- PROMPT
In the records, each line holding "Модель" must be reported.

- DATA
*** Begin section ***
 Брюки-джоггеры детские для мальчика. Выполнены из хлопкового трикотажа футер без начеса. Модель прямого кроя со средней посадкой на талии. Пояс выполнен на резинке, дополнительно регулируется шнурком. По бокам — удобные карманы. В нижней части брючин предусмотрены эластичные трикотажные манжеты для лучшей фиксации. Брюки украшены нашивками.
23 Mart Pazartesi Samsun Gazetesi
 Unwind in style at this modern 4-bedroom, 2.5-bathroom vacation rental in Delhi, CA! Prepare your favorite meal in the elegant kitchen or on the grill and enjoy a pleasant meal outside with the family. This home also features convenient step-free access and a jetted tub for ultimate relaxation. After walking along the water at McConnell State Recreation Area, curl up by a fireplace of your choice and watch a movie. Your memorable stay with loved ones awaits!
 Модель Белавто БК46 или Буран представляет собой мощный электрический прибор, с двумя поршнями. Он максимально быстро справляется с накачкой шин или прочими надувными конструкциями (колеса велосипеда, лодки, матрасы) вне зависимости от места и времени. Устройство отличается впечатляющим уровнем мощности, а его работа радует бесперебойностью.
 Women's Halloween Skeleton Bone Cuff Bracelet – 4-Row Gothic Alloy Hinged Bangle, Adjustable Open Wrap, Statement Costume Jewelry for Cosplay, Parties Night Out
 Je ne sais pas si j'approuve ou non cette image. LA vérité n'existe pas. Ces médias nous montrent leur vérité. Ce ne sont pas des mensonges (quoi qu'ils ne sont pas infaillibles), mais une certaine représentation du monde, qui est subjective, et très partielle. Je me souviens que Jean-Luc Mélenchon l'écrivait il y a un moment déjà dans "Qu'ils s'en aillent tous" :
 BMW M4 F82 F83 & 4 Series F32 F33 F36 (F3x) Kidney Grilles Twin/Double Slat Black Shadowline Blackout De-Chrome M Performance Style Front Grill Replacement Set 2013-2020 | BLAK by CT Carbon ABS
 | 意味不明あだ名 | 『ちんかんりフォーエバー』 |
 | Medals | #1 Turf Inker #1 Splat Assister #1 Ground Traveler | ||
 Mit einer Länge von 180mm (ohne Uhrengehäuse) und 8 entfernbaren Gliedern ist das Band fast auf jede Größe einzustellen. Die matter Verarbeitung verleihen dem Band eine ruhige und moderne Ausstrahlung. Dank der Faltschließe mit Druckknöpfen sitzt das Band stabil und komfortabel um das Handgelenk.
*** End section ***
*** Begin section ***
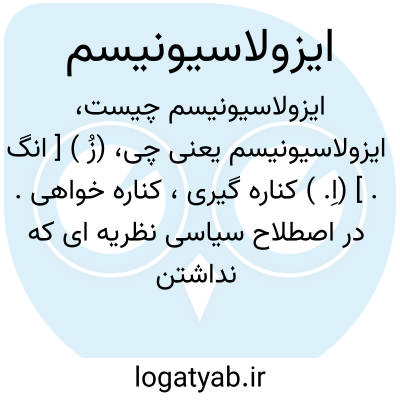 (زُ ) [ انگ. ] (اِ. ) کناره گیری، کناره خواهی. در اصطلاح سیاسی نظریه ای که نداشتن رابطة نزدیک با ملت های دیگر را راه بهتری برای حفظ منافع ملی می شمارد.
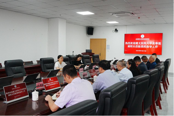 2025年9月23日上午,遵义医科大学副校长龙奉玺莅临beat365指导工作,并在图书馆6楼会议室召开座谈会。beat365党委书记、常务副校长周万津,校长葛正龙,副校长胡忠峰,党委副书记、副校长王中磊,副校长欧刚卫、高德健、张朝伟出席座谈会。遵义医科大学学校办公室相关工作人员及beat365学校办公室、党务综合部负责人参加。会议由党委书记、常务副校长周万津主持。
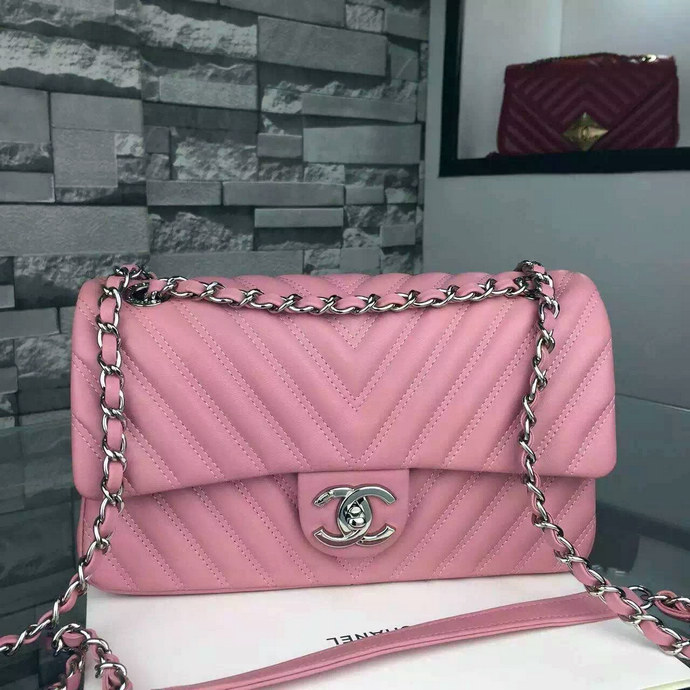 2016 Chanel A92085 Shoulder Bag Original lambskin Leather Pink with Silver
*** End section ***
- RESULT OF THIS EXERCISE
 Брюки-джоггеры детские для мальчика. Выполнены из хлопкового трикотажа футер без начеса. Модель прямого кроя со средней посадкой на талии. Пояс выполнен на резинке, дополнительно регулируется шнурком. По бокам — удобные карманы. В нижней части брючин предусмотрены эластичные трикотажные манжеты для лучшей фиксации. Брюки украшены нашивками.
 Модель Белавто БК46 или Буран представляет собой мощный электрический прибор, с двумя поршнями. Он максимально быстро справляется с накачкой шин или прочими надувными конструкциями (колеса велосипеда, лодки, матрасы) вне зависимости от места и времени. Устройство отличается впечатляющим уровнем мощности, а его работа радует бесперебойностью.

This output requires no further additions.